A provincial grant, the Community Museums Operating Grant, once yearly doled out $4.9 million, but it has been closed to new applicants since 2016.
Ontario Museums Association interim executive director Robin Etherington says by email that the challenges faced by the small community museums, like the Fashion History Museum, point to the need for an “updated, upgraded National Museum Policy” that would both streamline how museums apply for grants from all levels of government and provide “sustainable operating funding.”
“Fundamentally, small/community level museums expend a great deal of time, energy, and resources applying for grants in order to be sustainable.”
Supporters say the city should consider the benefits the museum brings to the region. “As Toronto overpopulates itself and prices itself out of the realm of affordability for a lot of people, you have a lot of people moving into the satellite communities in the Golden Horseshoe and into southwestern Ontario,” says Ian Drummond, who sits on the museum’s board and is also the owner of the largest costume-rental business in Canada. “Those regions need a cultural identity, too. They need museums; they need theatre.”
The museum began displaying items in the decomissioned Canada Post building in 2016. (VIcky Mochama)

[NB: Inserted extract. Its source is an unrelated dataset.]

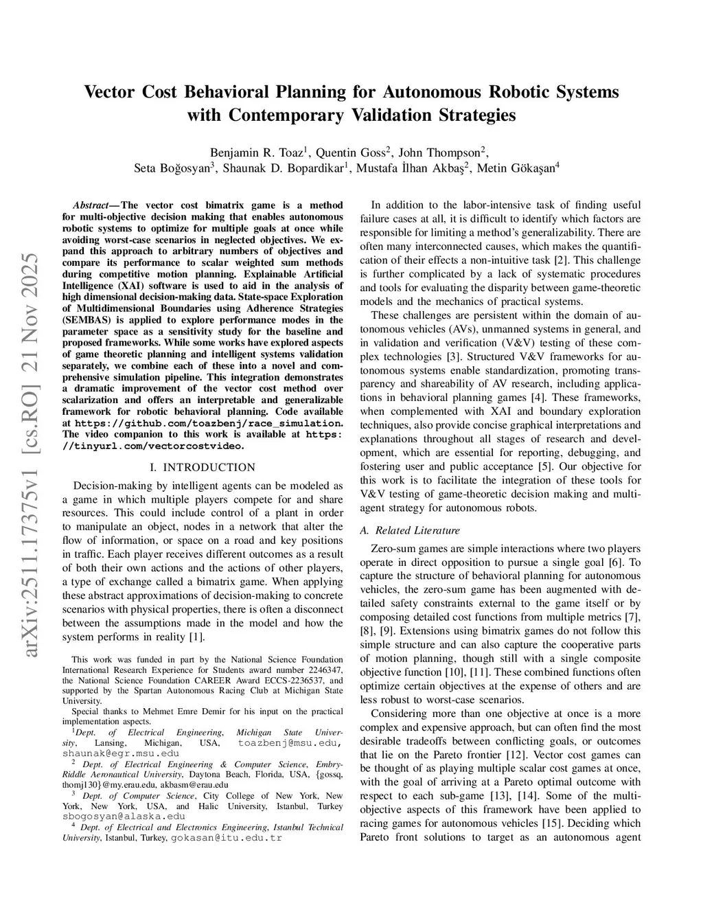 Vector Cost Behavioral Planning for Autonomous Robotic Systems with Contemporary Validation Strategies

And, he adds, the museum plays an important role in Canada’s fashion ecosystem. Torontonians have access to the Royal Ontario Museum’s collection and the Bata Shoe Museum. In Quebec, there’s also the McCord Stewart Museum, which houses a 27,000-item collection of clothes worn by Montrealers and manufactured locally. But, says Drummond, “there are almost no collections in the public realm for people to see.”
And items from the museum’s collection have been viewed by many who’ve never visited its bricks-and-mortar home.

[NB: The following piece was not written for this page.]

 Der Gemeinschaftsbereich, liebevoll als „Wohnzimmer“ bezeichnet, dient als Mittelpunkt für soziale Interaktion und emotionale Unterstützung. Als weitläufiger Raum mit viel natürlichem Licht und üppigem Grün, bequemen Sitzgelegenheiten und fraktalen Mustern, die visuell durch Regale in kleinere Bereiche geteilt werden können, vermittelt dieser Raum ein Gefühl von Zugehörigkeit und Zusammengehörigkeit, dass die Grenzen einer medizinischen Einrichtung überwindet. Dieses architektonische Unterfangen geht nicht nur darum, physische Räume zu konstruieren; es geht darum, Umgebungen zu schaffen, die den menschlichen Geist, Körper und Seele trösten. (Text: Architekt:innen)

Joanna Syrokomla is out shopping for award-show gowns when I call. She’s the costume designer for the historical detective TV show, Murdoch Mysteries. The Fashion History Museum has opened its collection and archives to her for inspiration.
“It’s always wonderful to be able to see historical garments and how they’re constructed,” she says. She points out that the museum also often functions as a clearing house for 20th-century items that she uses on the show. “It’s all incredible research that is not available online as everyone seems to think it is.”
Fashion writer Isabel Slone, who covered the museum for the now-defunct Racked, says the situation is “a huge disappointment and an institutional failure.” She says the museum “could be a cultural hub for the province, but it’s not, because it doesn’t have enough funding from the government, and there’s not a wealthy patron who’s agreed to take it on. If the Jeff Bezos of Canada, [someone like] Galen Weston, wanted to add some value to his legacy, he could fund this museum in perpetuity — nobody’s stepped up.”
Joanna Syrokomla, costume designer Murdoch Mysteries, has taken inspiration from items at the museum. (Vicky Mochama)
Norman and Walford aren’t done fighting. They’re planning to take their case directly to city council, which will hear deputations on the budget on March 28. They’re hoping councillors will hear their plea, opening up a chance to renegotiate the lease or to come up with another option.
When I ask Norman and Walford whether they anticipated navigating so much small-town politics when they selected Cambridge as the city to house Walford’s then-3,000-piece private collection of fashion history, they laugh.
“We were naive,” says Walford.
The day I visit, Kenn tells the story of Canadian fashion designer Pat McDonald, whose archives are held in the museum’s library, on the second floor. Her personal records reveal a few tough financial seasons in her 60-year fashion career.
Walford quickly interjects with “you’re only as good as your last dress.” Kenn agrees, adding, “Don’t think it’s all about the glamour and design. You have to think as a business person as well.”